HOW TO COMPLETE THIS TASK ::
No pictures should appear. The lines from the beginning of the listing through the one holding "Lampa de masă" must be reproduced exactly, and nothing more.

INFORMATION SUPPLIED ::
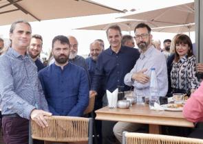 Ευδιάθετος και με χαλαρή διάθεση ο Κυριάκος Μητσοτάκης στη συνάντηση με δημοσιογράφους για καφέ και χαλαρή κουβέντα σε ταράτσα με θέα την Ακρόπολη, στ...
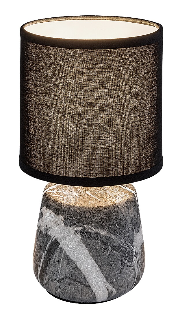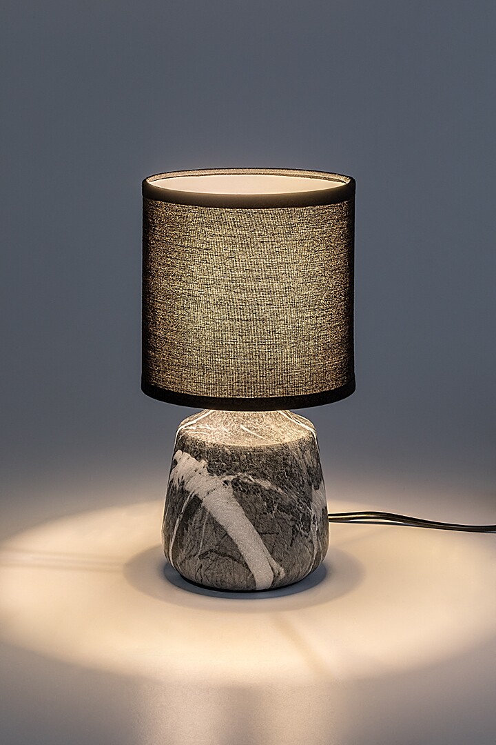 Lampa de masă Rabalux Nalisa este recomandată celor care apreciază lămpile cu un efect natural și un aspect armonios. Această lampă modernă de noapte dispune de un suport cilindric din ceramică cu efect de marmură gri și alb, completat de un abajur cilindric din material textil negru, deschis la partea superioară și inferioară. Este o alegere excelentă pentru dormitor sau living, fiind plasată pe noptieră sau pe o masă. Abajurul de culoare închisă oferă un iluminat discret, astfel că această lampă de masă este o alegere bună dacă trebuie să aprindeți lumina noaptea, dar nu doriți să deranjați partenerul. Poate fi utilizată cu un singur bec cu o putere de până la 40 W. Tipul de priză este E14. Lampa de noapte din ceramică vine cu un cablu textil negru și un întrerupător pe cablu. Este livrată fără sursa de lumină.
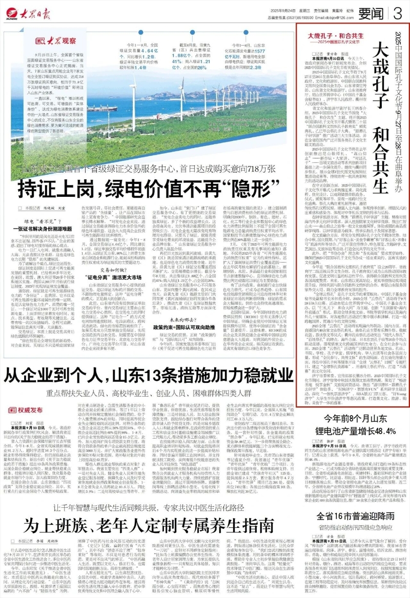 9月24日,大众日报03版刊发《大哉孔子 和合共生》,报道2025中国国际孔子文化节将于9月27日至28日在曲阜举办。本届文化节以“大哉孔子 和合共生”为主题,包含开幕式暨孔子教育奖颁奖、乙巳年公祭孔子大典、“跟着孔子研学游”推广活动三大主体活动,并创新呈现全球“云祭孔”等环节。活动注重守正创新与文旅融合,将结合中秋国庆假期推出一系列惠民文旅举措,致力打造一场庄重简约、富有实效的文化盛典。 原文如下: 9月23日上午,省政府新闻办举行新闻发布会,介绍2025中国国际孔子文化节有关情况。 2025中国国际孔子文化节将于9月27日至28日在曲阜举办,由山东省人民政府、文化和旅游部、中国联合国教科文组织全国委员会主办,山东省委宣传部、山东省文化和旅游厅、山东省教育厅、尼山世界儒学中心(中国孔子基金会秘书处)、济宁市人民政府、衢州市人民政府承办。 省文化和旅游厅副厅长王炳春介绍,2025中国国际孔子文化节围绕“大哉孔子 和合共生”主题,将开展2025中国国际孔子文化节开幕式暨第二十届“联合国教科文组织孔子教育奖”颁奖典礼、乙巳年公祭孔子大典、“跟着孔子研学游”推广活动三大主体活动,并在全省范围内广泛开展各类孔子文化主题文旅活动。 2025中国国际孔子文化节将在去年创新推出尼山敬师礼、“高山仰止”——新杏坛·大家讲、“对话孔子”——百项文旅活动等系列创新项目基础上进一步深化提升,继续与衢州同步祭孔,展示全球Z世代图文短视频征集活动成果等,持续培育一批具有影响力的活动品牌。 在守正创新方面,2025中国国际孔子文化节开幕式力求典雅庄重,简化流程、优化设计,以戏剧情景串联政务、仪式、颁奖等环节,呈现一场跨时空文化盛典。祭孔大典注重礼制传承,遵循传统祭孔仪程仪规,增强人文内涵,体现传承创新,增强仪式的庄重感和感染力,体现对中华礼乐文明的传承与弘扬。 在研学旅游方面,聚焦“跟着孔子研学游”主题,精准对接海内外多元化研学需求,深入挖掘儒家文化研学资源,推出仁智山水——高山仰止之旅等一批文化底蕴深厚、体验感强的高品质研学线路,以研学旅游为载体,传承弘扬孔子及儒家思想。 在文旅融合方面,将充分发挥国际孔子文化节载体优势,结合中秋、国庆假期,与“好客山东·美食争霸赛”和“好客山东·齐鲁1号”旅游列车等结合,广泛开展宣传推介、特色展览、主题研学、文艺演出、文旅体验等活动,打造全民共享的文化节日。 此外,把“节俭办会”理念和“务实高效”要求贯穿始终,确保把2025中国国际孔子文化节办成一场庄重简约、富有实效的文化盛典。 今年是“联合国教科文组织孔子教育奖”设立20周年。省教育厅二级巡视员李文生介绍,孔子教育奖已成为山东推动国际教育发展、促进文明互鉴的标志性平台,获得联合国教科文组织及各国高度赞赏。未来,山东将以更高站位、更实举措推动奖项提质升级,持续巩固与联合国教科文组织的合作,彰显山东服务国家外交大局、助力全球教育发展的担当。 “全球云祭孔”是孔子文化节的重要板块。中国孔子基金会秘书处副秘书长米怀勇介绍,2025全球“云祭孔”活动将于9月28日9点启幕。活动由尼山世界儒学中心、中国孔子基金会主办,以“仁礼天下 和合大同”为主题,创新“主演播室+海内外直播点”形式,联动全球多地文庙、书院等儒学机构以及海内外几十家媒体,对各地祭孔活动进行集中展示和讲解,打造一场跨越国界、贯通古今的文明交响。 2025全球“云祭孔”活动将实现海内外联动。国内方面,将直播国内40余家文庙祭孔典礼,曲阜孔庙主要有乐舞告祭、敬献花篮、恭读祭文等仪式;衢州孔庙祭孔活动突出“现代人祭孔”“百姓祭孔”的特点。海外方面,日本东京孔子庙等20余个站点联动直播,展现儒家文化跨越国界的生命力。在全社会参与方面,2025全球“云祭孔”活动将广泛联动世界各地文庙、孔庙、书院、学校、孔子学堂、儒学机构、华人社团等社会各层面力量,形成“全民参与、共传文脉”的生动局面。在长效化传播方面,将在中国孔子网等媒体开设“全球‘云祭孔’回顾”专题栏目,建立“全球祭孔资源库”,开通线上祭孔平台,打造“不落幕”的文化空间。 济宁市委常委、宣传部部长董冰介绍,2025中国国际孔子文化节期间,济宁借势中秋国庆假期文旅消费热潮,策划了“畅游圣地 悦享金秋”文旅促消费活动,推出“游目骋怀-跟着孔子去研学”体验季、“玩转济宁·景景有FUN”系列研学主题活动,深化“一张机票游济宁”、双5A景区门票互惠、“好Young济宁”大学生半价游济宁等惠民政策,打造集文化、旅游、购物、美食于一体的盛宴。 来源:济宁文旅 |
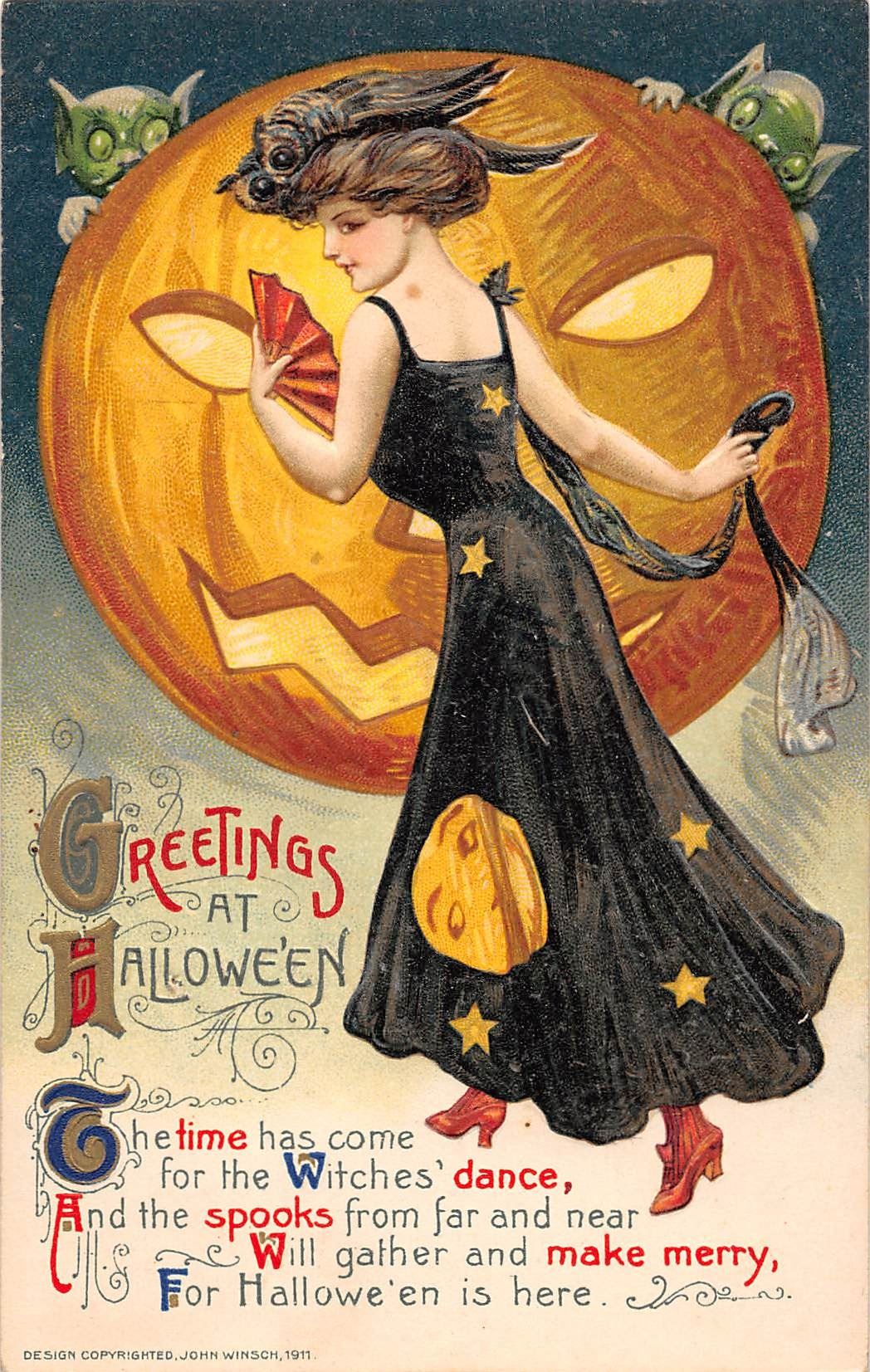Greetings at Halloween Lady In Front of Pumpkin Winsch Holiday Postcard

SOLUTION TO THIS PROBLEM ::
 Ευδιάθετος και με χαλαρή διάθεση ο Κυριάκος Μητσοτάκης στη συνάντηση με δημοσιογράφους για καφέ και χαλαρή κουβέντα σε ταράτσα με θέα την Ακρόπολη, στ...
 Lampa de masă Rabalux Nalisa este recomandată celor care apreciază lămpile cu un efect natural și un aspect armonios. Această lampă modernă de noapte dispune de un suport cilindric din ceramică cu efect de marmură gri și alb, completat de un abajur cilindric din material textil negru, deschis la partea superioară și inferioară. Este o alegere excelentă pentru dormitor sau living, fiind plasată pe noptieră sau pe o masă. Abajurul de culoare închisă oferă un iluminat discret, astfel că această lampă de masă este o alegere bună dacă trebuie să aprindeți lumina noaptea, dar nu doriți să deranjați partenerul. Poate fi utilizată cu un singur bec cu o putere de până la 40 W. Tipul de priză este E14. Lampa de noapte din ceramică vine cu un cablu textil negru și un întrerupător pe cablu. Este livrată fără sursa de lumină.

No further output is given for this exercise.